#### [WHAT TO WORK ON]
Repeat the listing exactly as given, omitting every image.

#### [DATA]
[Start of section]

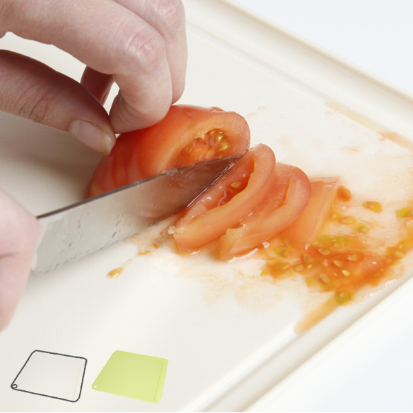 色移りの多い食材や、匂いの強い食材、大きなまな板を使うまでもないちょっと使いに便利なサイズです。
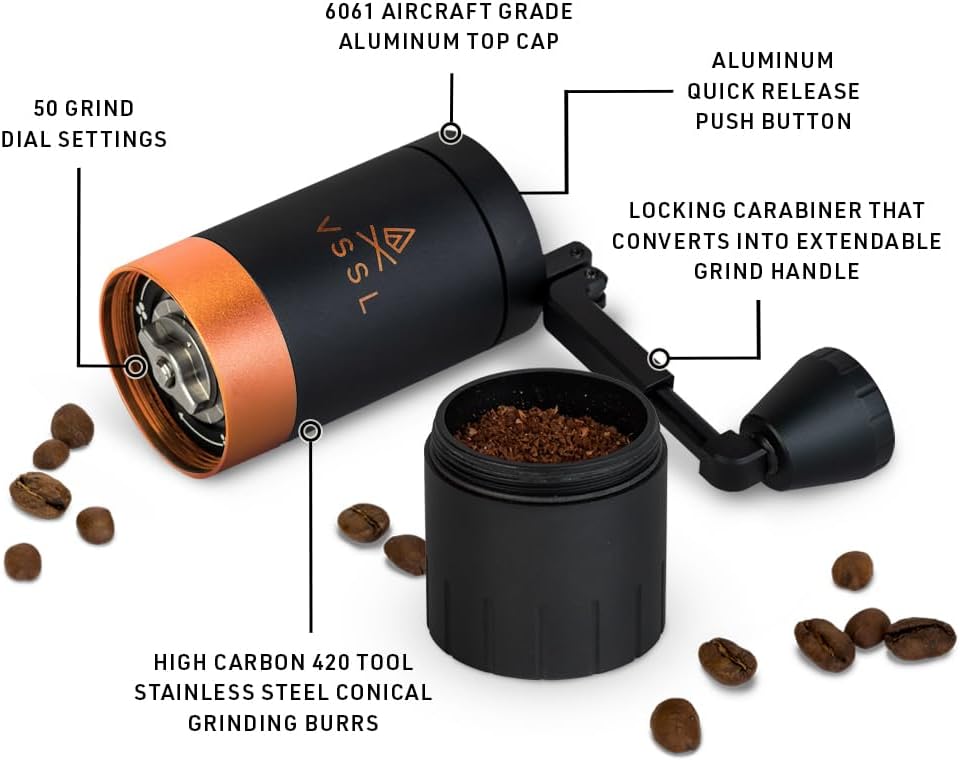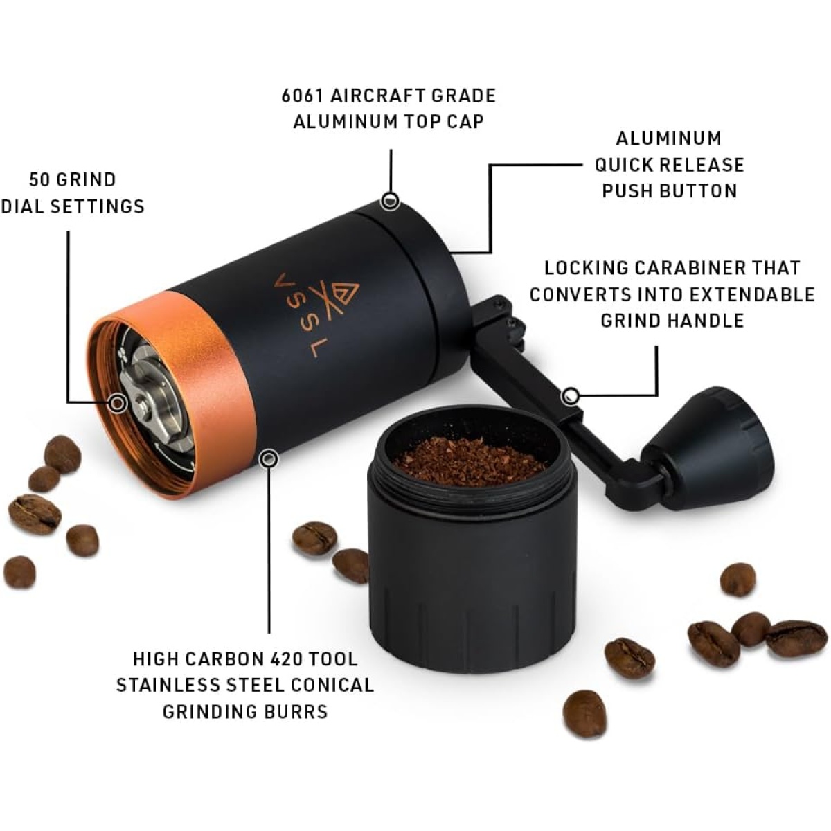 Beans to Brewing: This premium manual grinder features VSSL’s high carbon stainless steel burr & ergonomic handle so you can go from up to 25 gram grind capacity of beans, depending on the roast, to brewing coffee in under a minute
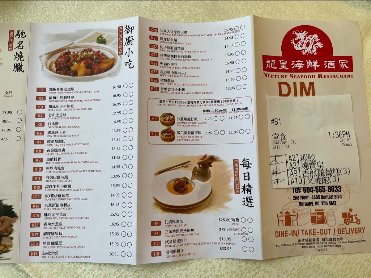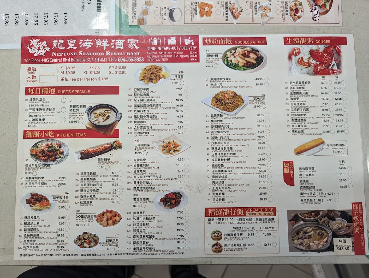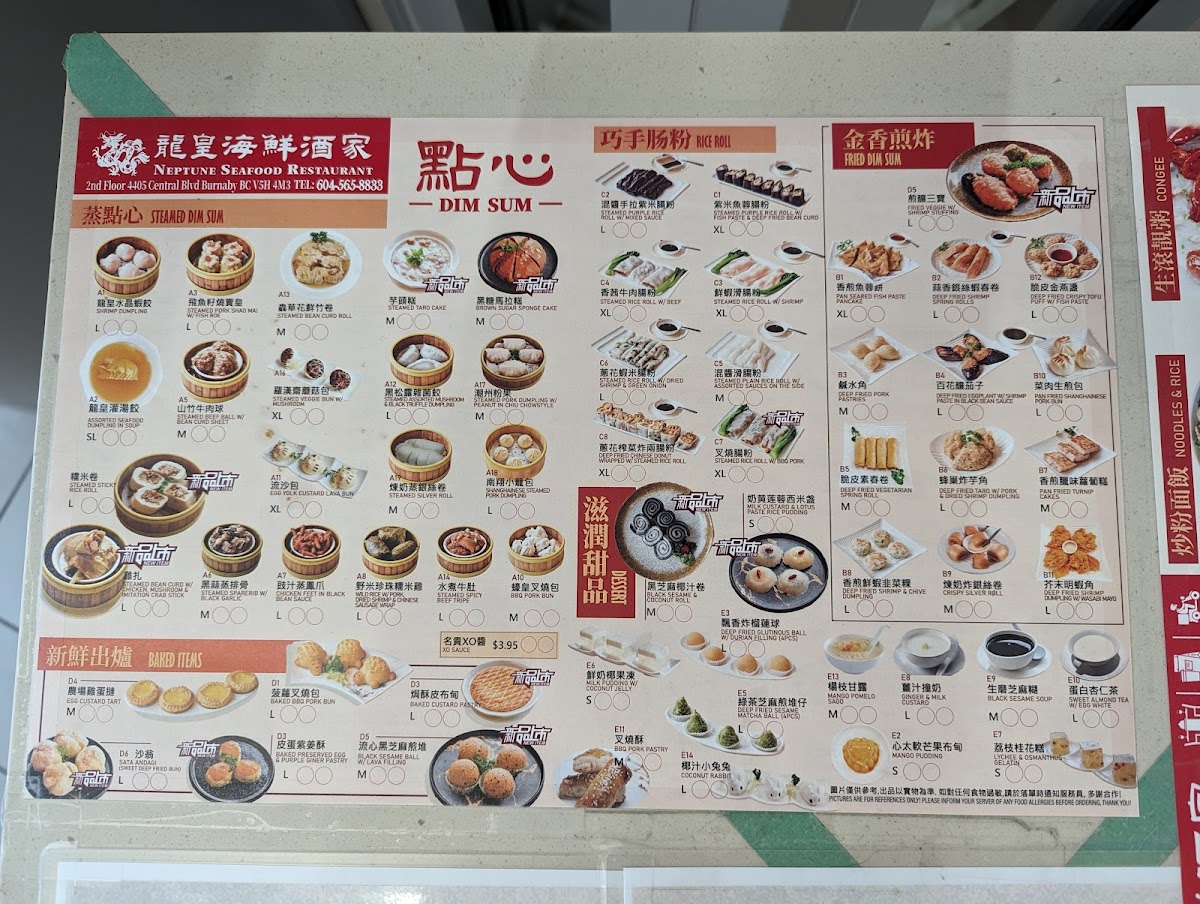 The menu at Neptune Noodle Bar in Burnaby offers a variety of traditional Chinese noodle dishes, congee options, and dim sum selections. It is structured into distinct categories to provide a clear overview of the available choices.
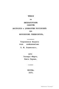 Чтенiя въ Императорскомъ Обществѣ Исторiи и Древностей Россiйскихъ при Московскомъ Университетѣ. 1870. Генварь-Мартъ. Книга первая

[End of section]

#### [RESPONSE BELOW]
 色移りの多い食材や、匂いの強い食材、大きなまな板を使うまでもないちょっと使いに便利なサイズです。
 Beans to Brewing: This premium manual grinder features VSSL’s high carbon stainless steel burr & ergonomic handle so you can go from up to 25 gram grind capacity of beans, depending on the roast, to brewing coffee in under a minute
 The menu at Neptune Noodle Bar in Burnaby offers a variety of traditional Chinese noodle dishes, congee options, and dim sum selections. It is structured into distinct categories to provide a clear overview of the available choices.
 Чтенiя въ Императорскомъ Обществѣ Исторiи и Древностей Россiйскихъ при Московскомъ Университетѣ. 1870. Генварь-Мартъ. Книга первая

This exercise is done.